Pediatric Radiology

, Volume 44, Issue 4, pp 410–424 | Cite as

Selective ultrasound screening for developmental hip dysplasia: effect on management and late detected cases. A prospective survey during 1991–2006

  • Lene Bjerke LaborieEmail author
  • Trond Jacob Markestad
  • Henrik Davidsen
  • Kari Røine Brurås
  • Stein Magnus Aukland
  • John Asle Bjørlykke
  • Hallvard Reigstad
  • Kari Indrekvam
  • Trude Gundersen Lehmann
  • Ingvild Øvstebø Engesæter
  • Lars Birger Engesæter
  • Karen Rosendahl
Original Article



Early treatment is considered essential for developmental dysplasia of the hip (DDH), but the choice of screening strategy is debated.
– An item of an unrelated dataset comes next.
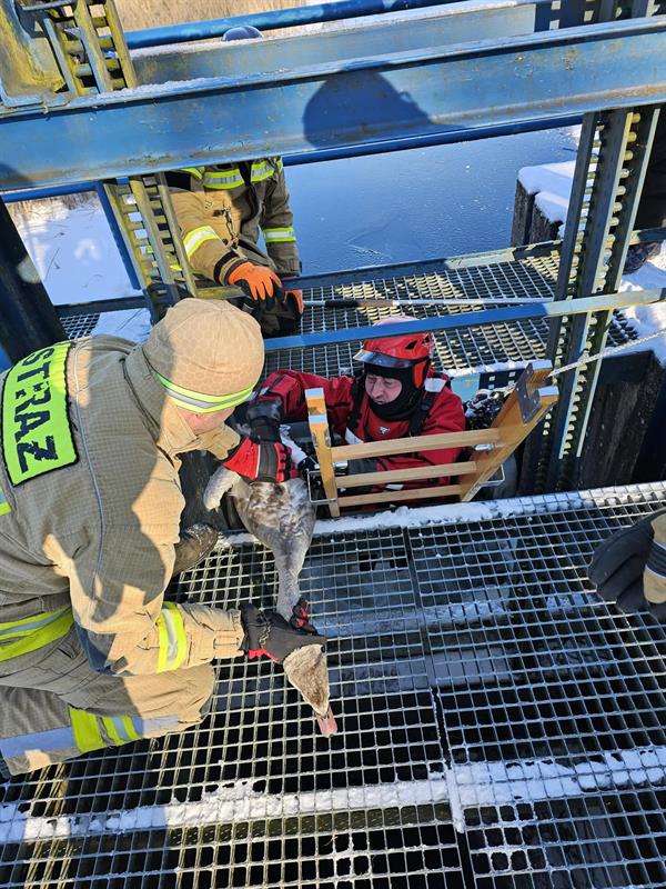 Na miejsce zdarzenia, do miejscowości Bytowo, zadysponowano zastęp druhów z Dobrzan. Po dokonaniu rozpoznania ratownicy przystąpili do działań, zachowując szczególną ostrożność, aby nie spłoszyć ani nie zranić ptaka. Ograniczona przestrzeń oraz betonowa konstrukcja kanału znacząco utrudniały akcję, jednak dzięki doświadczeniu, opanowaniu i odpowiedniemu podejściu strażakom udało się bezpiecznie uwolnić łabędzia z pułapki.

We evaluated the effect of a selective ultrasound (US) screening programme.

Materials and methods

All infants born in a defined region during 1991–2006 with increased risk of developmental dysplasia of the hip, i.e. clinical hip instability, breech presentation, congenital foot deformities or a family history of DDH, underwent US screening at age 1–3 days. Severe sonographic dysplasia and dislocatable/dislocated hips were treated with abduction splints. Mild dysplasia and pathological instability, i.e. not dislocatable/dislocated hips were followed clinically and sonographically until spontaneous resolution, or until treatment became necessary. The minimum observation period was 5.5 years.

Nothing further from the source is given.